In a letter, written in the humoristic style in which she delighted, she gives us portraits of some of her comrades of that time.

She tells us of Duvernet, of Alphonse Fleury, surnamed "the Gaulois,"and of Sandeau.

"Oh, fair-haired Charles!" she writes, "young man of melancholy thoughts, with a character as gloomy as a stormy day. . . .

And you, gigantic Fleury, with your immense hands and your alarming beard. . . . And you, dear Sandeau, agreeable and light, like the humming bird of fragrant savannahs!"[13]

[13] _Correspondance_: December 1, 1830.

The "dear Sandeau, agreeable and light, like the humming bird of fragrant savannahs," was to be Baronne Dudevant's Latin Quarter _liaison_. Her biographers usually pass over this _liaison_ quickly, as information about it was not forthcoming.

Important documents exist, though, in the form of fifty letters written by George Sand to Dr. Emile Regnault, then a medical student and the intimate friend and confidant of Jules Sandeau, who kept nothing back from him. His son, Dr. Paul Regnault, has kindly allowed me to see this correspondence and to reproduce some fragments of it. It is extremely curious, by turn lyrical and playful, full of effusions, ideas, plans of work, impressions of nature, and confidences about her love affairs. Taken altogether it reflects, as nearly as possible, the state of the young woman's mind at this time.

The first letter is dated April, 1831. George Sand had left Paris for Nohant, and is anxiously wondering how her poor Jules has passed this wretched day, and how he will go back to the room from which she had torn herself with such difficulty that morning.

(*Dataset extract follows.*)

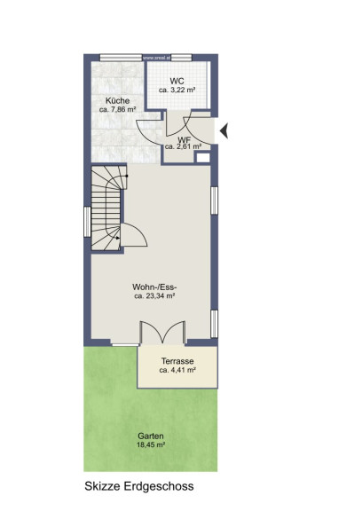 Im Erdgeschoss erwartet Sie ein großzügiger Wohnbereich, der direkten Zugang zum Wintergarten sowie zur Terrasse bietet. Von hier aus gelangen Sie in den ca. 18,5 m² großen Garten, der mit Terrasse und Pool der perfekte Ort zum Entspannen und Genießen der frischen Luft ist.

In her letter she gives utterance to the gratitude she owes to the young man who has reconciled her once more to life. "My soul," she says, "eager itself for affection, needed to inspire this in a heart capable of understanding me thoroughly, with all my faults and qualities.

A fervent soul was necessary for loving me in the way that Icould love, and for consoling me after all the ingratitude which had made my earlier life so desolate. And although I am now old, I have found a heart as young as my own, a lifelong affection which nothing can discourage and which grows stronger every day.

Jules has taught me to care once more for this existence, of which Iwas so weary, and which I only endured for the sake of my children.

I was disgusted beforehand with the future, but it now seems more beautiful to me, full as it appears to me of him, of his work, his success, and of his upright, modest conduct. . . . Oh, if you only knew how I love him! . . . ."[14]

[14] This quotation and those that follow are borrowed from the unpublished correspondence with Emile Regnault.